Today’s decision by the $2.8 billion Challenger Howard Mortgage Fund to limit withdrawals is being sheeted home to the federal government’s blanket guarantee on bank deposits.
In fact, the fund has been in a controlled liquidation all year. Net assets of the fund have shrunk by $800 million since January as withdrawal requests have soaked up the fund’s available liquidity.
The rate of withdrawal requests picked up significantly in the wake of the government guarantee on all bank deposits and triggered the fund’s liquidity clause as defined by the Corporations Act.
But that is not a reason for Prime Minister Kevin Rudd to come to the rescue of the managed funds industry. He should use this as an opportunity to remind investors that higher yielding investments outside of the banking system carry higher risks.
Less sophisticated retail investors who believed a mortgage fund was no different from a bank will now have a better understanding that higher returns carry higher risks. Financial planners may also come under closer scrutiny for the recommendations they made, because about two thirds of the funds in the Challenger fund came through wrap platforms.
Those platforms, such as the Westpac-owned BT and St George-owned Asgard platforms, have been behind the acceleration in withdrawal requests from the Challenger fund. Ironically, the bank wrap platforms may be conduits for increases in bank deposits.
Liquidity has been an issue in the unlisted funds sector for more than a year with various mortgage funds, property trusts and hybrid fixed interest funds imposing limits or freezes on withdrawals this year.

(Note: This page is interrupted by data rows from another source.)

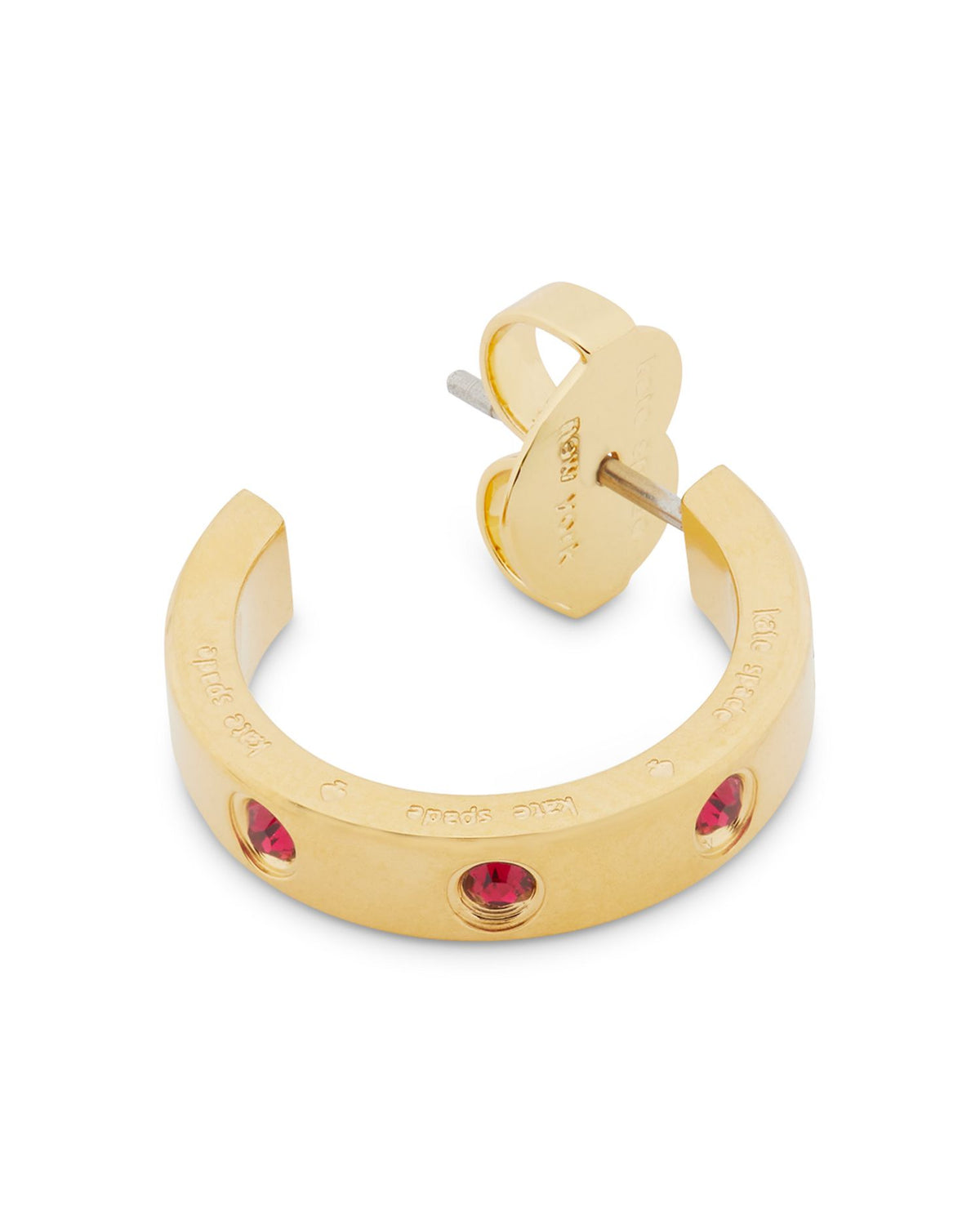 These Red Pavé Huggie Hoop Earrings by Kate Spade New York are a bold and elegant addition to your accessory collection. The vibrant red cubic zirconia adds a statement-making sparkle, making these hoops perfect for adding a pop of color to your look.
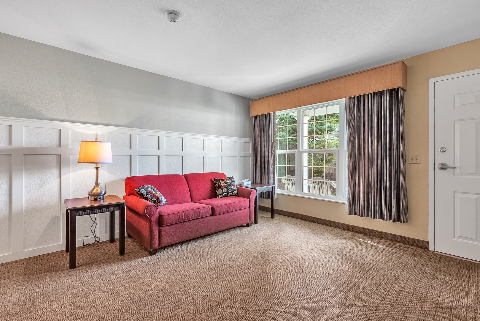 The Glacier Suite is divided by the bathroom into a living room and sleeping area. The sleeping area is furnished with a king size bed and the living area has a full sleep sofa for that extra guest or the kids. The suite is equipped with all the amenities for an extended stay including a small refrigerator and microwave.
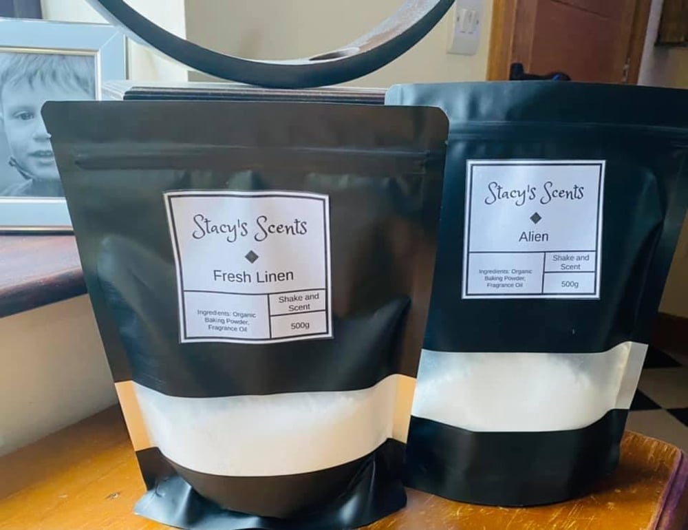 A 500g refill bag of highly scented shake n scent powder. This can be used to freshen carpets, beds or even bins!

Challenger, for example, “temporarily” closed redemptions on its hybrid property funds in August. And on October 16, Challenger amended withdrawals from its $1.8 billion Challenger High Yield Fund to only offer redemptions quarterly.
The Challenger Howard Mortgage Fund has the power to process withdrawals over a period of 60 days when at least 80 per cent of the fund’s assets are regarded as liquid. If the fund becomes illiquid investors can only withdraw if the fund makes an offer of withdrawal.
Those liquidity arrangements were formed in the crucible of the illiquidity crisis in unlisted property and mortgage funds in the 1990s.
If Rudd were to overturn those arrangements and in some way guarantee the liquidity of unlisted funds he would create a moral hazard and undermine the credibility of the entire financial system.
The government did not step in to rescue investors when Westpoint went bust and they should not do that now.
However, the sooner the government releases the terms of its deposit guarantee – particularly the price banks will be required to pay, which in turn will affect the returns they can offer depositors – the better it will be for all participants in the economy. Its release should be accompanied by reminders about the pecking order of risks in the financial sector.